_Try it:_ Find every line in the records below that contains the word "will", and copy each such line.

_Dataset records:_
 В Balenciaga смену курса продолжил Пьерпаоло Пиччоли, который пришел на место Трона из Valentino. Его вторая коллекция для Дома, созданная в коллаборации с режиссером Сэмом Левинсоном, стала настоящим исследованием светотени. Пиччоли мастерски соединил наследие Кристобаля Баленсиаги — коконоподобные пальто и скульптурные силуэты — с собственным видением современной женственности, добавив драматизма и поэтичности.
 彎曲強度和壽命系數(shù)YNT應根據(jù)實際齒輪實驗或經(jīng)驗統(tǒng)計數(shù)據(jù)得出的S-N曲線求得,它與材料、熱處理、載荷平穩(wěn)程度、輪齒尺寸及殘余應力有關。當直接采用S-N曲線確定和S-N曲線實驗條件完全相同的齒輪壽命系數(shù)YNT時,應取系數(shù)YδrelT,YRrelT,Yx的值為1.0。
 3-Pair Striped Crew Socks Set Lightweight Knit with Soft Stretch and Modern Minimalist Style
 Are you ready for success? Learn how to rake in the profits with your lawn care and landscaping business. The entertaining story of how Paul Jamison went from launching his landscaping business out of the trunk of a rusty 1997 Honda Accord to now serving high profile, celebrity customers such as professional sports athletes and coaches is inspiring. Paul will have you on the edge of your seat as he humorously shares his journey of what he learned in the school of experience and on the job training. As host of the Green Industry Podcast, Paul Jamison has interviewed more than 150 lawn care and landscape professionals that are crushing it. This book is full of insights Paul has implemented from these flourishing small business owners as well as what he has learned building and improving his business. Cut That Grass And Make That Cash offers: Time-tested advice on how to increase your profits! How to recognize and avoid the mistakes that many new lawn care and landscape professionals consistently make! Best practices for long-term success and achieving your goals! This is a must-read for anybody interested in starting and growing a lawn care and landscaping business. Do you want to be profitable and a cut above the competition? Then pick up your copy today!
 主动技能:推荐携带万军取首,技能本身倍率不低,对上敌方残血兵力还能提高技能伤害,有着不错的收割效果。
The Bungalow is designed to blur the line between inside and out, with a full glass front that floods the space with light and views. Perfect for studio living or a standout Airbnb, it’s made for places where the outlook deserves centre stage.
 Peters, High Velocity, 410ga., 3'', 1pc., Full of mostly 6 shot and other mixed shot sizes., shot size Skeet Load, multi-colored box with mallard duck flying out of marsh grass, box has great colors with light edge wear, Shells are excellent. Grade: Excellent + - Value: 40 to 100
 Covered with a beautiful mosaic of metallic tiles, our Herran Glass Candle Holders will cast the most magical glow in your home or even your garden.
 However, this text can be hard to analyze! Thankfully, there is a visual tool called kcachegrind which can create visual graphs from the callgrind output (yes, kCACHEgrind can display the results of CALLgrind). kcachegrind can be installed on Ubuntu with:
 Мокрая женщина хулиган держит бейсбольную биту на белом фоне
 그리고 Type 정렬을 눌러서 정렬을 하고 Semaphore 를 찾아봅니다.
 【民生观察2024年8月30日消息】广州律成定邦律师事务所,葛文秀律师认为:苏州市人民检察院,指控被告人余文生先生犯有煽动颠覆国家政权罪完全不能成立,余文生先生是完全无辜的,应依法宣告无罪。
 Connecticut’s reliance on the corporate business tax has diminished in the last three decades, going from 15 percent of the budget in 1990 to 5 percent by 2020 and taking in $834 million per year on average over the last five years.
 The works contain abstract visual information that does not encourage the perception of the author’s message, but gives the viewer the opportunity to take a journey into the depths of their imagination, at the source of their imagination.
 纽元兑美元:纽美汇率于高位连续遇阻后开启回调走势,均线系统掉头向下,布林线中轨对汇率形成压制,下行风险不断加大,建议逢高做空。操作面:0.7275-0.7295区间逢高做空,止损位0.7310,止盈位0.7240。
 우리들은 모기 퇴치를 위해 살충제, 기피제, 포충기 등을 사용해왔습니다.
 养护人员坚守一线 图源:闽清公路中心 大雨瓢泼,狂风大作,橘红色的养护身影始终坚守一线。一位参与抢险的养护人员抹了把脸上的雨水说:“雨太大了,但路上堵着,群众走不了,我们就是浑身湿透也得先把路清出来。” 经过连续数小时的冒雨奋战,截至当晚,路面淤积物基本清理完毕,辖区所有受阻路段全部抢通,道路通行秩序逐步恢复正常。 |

_Result for this exercise:_
 Are you ready for success? Learn how to rake in the profits with your lawn care and landscaping business. The entertaining story of how Paul Jamison went from launching his landscaping business out of the trunk of a rusty 1997 Honda Accord to now serving high profile, celebrity customers such as professional sports athletes and coaches is inspiring. Paul will have you on the edge of your seat as he humorously shares his journey of what he learned in the school of experience and on the job training. As host of the Green Industry Podcast, Paul Jamison has interviewed more than 150 lawn care and landscape professionals that are crushing it. This book is full of insights Paul has implemented from these flourishing small business owners as well as what he has learned building and improving his business. Cut That Grass And Make That Cash offers: Time-tested advice on how to increase your profits! How to recognize and avoid the mistakes that many new lawn care and landscape professionals consistently make! Best practices for long-term success and achieving your goals! This is a must-read for anybody interested in starting and growing a lawn care and landscaping business. Do you want to be profitable and a cut above the competition? Then pick up your copy today!
 Covered with a beautiful mosaic of metallic tiles, our Herran Glass Candle Holders will cast the most magical glow in your home or even your garden.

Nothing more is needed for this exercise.